§ WHAT THE TASK ASKS:
Your output should be everything below from the line containing "HOPLEX 1.5 2.0" down to the line containing "項(xiàng)目概況:膜結", both ends included, copied exactly, with pictures left out.

§ INFORMATION SUPPLIED:
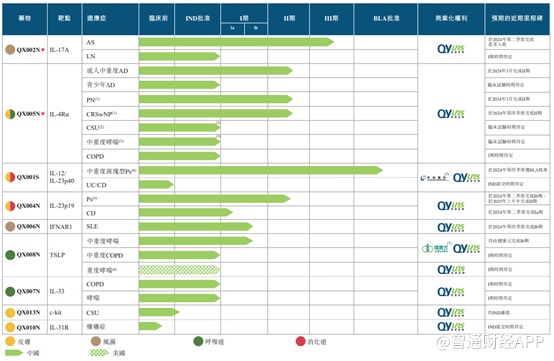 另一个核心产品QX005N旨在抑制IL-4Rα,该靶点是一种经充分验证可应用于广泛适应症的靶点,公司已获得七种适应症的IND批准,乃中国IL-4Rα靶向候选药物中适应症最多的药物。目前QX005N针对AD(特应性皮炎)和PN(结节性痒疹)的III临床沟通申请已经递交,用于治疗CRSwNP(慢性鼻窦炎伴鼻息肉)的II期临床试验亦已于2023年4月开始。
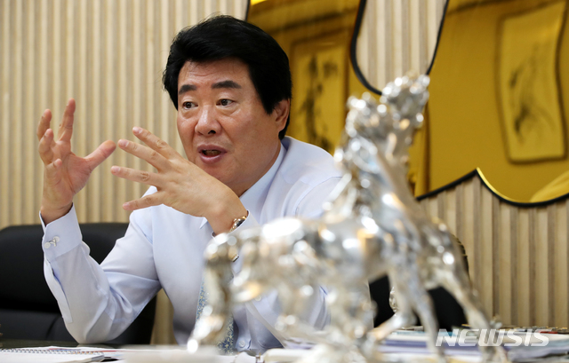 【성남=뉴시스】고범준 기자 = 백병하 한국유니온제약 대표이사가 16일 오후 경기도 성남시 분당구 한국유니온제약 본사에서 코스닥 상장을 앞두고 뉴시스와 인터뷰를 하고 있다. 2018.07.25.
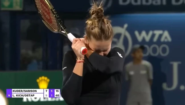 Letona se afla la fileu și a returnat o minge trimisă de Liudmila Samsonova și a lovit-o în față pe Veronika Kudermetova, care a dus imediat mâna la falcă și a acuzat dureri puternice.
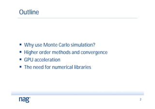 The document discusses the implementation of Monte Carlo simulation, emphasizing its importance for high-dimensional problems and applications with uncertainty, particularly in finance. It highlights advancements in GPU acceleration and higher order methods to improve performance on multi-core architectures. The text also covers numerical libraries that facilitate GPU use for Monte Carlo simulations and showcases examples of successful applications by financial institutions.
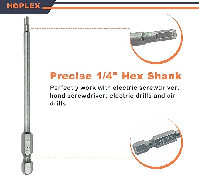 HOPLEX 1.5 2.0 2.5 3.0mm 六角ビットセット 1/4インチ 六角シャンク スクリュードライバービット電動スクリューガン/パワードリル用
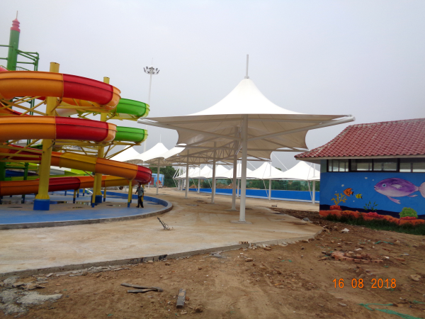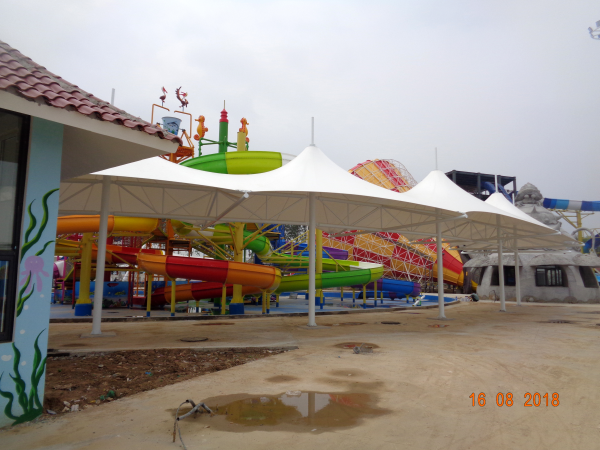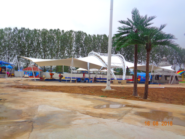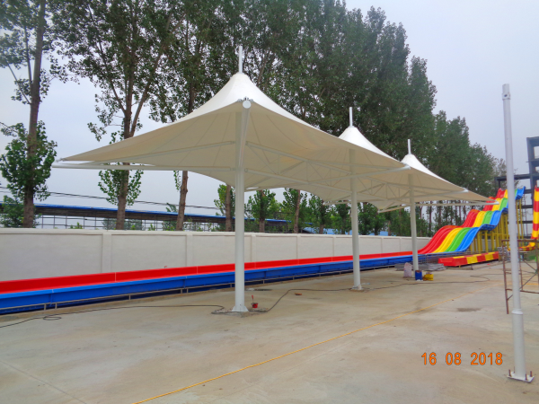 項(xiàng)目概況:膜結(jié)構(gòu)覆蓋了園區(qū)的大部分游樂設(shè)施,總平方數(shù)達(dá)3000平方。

==

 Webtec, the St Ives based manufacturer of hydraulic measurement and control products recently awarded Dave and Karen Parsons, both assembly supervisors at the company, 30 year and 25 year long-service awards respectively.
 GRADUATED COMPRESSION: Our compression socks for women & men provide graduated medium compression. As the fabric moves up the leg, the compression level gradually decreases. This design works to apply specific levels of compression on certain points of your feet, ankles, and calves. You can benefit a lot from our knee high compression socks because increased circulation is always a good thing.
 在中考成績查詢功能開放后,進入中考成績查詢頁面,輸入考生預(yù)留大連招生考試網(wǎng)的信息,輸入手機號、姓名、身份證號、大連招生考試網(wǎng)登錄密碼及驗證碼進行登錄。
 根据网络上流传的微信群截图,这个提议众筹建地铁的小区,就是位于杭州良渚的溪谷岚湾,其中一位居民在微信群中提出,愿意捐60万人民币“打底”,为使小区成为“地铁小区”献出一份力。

§ FINISHED TASK:
 HOPLEX 1.5 2.0 2.5 3.0mm 六角ビットセット 1/4インチ 六角シャンク スクリュードライバービット電動スクリューガン/パワードリル用
 項(xiàng)目概況:膜結(jié)構(gòu)覆蓋了園區(qū)的大部分游樂設(shè)施,總平方數(shù)達(dá)3000平方。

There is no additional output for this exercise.